Для Опарина жизненно важным шагом было возникновение первой клетки. И, разумеется, у клеток, как и организмов, есть важное свойство: они никогда не возникают самопроизвольно, а всегда от других клеток. Было простительно отождествлять с появлением жизни возникновение первой «клетки» (метаболизатора), а не первого «гена» (репликатора), как буду делать я. Среди более современных теоретиков с тем же уклоном выдающийся теоретический физик Фримен Дайсон (Freeman Dyson) осознавал и отстаивал это. Большинство современных теоретиков, включая Лесли Оргела (Leslie Orgel) в Калифорнии, Манфреда Эйгена (Manfred Eigen) и его коллег в Германии, и Грэма Кэрнс-Смита в Шотландии – более одинокие индивидуалисты, но это ни в коем случае не перечеркивает первостепенное значение самокопирования, и хронологически, и в отношении его центральности: по- моему, это справедливо.

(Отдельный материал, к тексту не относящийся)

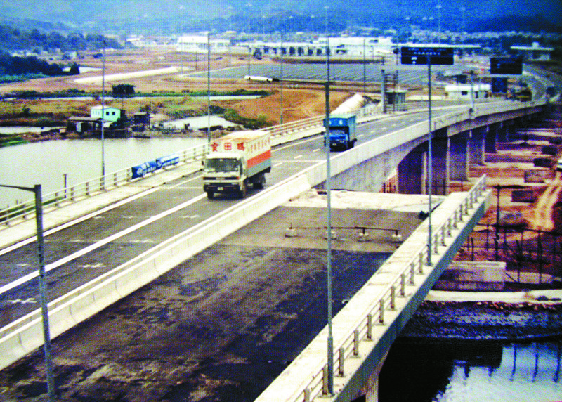 1989年12月26日皇崗口岸開通時的第一輛入境貨柜車,當時落馬洲大橋只建成一半。黃國春攝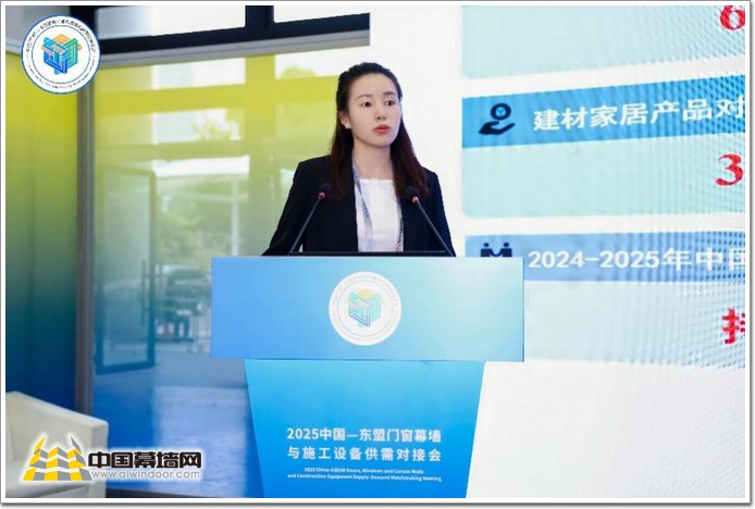 西安高科建材科技有限公司市場規劃部負責人朱丹以“科創領航——與東盟共建建材出海新征程”為題作了報告。她指出,高科建材作為中國建筑金屬結構協會副會長單位,具備建筑門窗幕墻產業鏈的完整產品線,擁有雄厚的科技創新實力與豐富的海內外業績,公司將以“深度本地化+鏈式出海”的市場策略從單一產品輸出轉向與當地協同共生模式。她呼吁業內企業深化合作、共享資源,攜手開拓東盟市場新藍海,共同塑造中國建材高端、綠色、智能的國際新形象。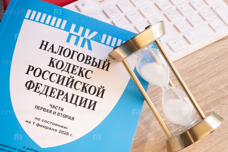 Налоговый кодекс и песочные часы на клавиатуре 2026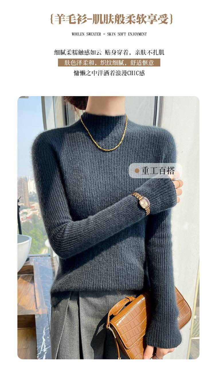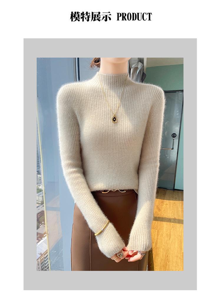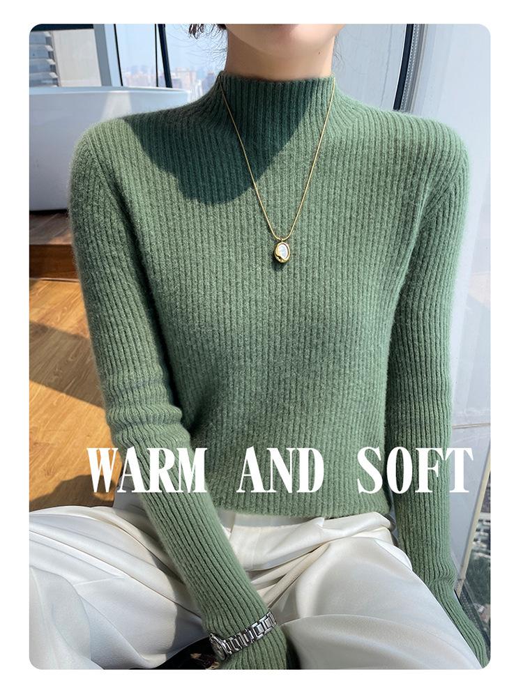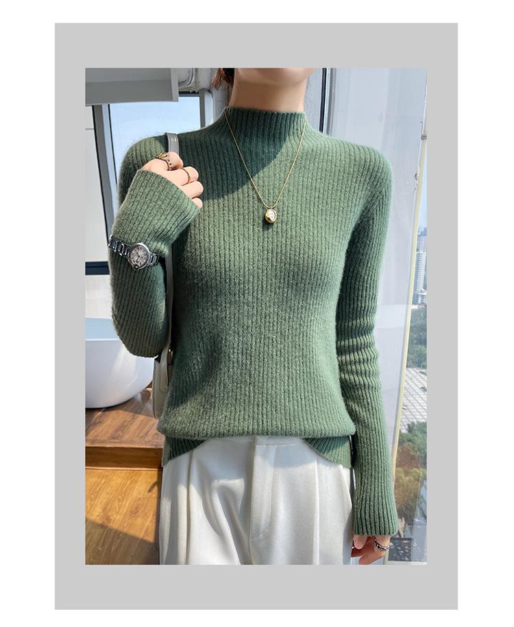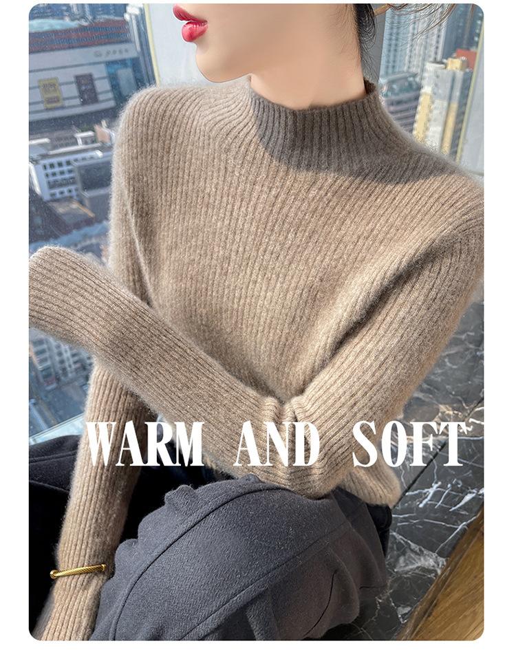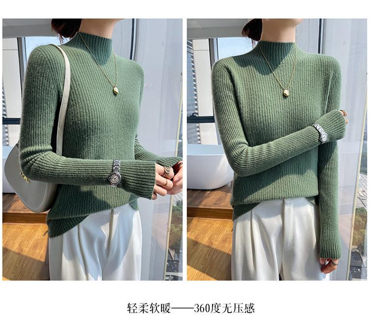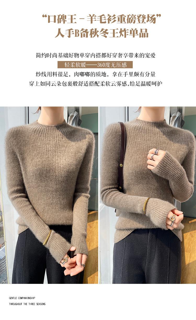 Nueva camisa básica de cuello medio alto de lana de otoño e invierno para mujer, suéter de punto de cachemira de corte entallado de estilo extranjero combinable con todo, venta al por mayor

На что была бы похожа наследственность без клетки? Разве это не проблема курицы-и-яйца? Конечно, да, если мы соглашаемся с тем, что для наследственности требуется ДНК, ДНК не может быть реплицирована без многочисленных вспомогательных молекул, включая белки, которые могут быть созданы только с помощью закодированной информации ДНК. Но только из того, что ДНК – основная самореплицирующая молекула, которую мы знаем, не следует, что она является единственной, которую можно себе представить, или единственной, которая когда-либо существовала в природе. Грэм Кэрнс-Смит аргументировано доказал, что первоначальные репликаторы были неорганическими минеральными кристаллами, с более поздней узурпацией ДНК, вступившей в главную роль, когда жизнь эволюционировала до пункта, где такой переход под генетический контроль стал возможным. Я не буду приводить здесь его доводы, частично потому что я уже сделал свою лучшую попытку в «Слепом часовщике», но также и по более веской причине. Кэрнс-Смит приводит наиболее ясные из прочитанных мною доводов, что самовоспроизведение имело первостепенное значение, и ДНК должна была иметь какого-либо предшественника, природа которого неизвестна, с оговоркой, что тот демонстрировал истинную наследственность. Я считаю позором, что эта неопровержимая часть его аргументов стала связанной в общественном сознании с его более спорными и спекулятивными доводами в пользу минеральных кристаллов в качестве предшественников.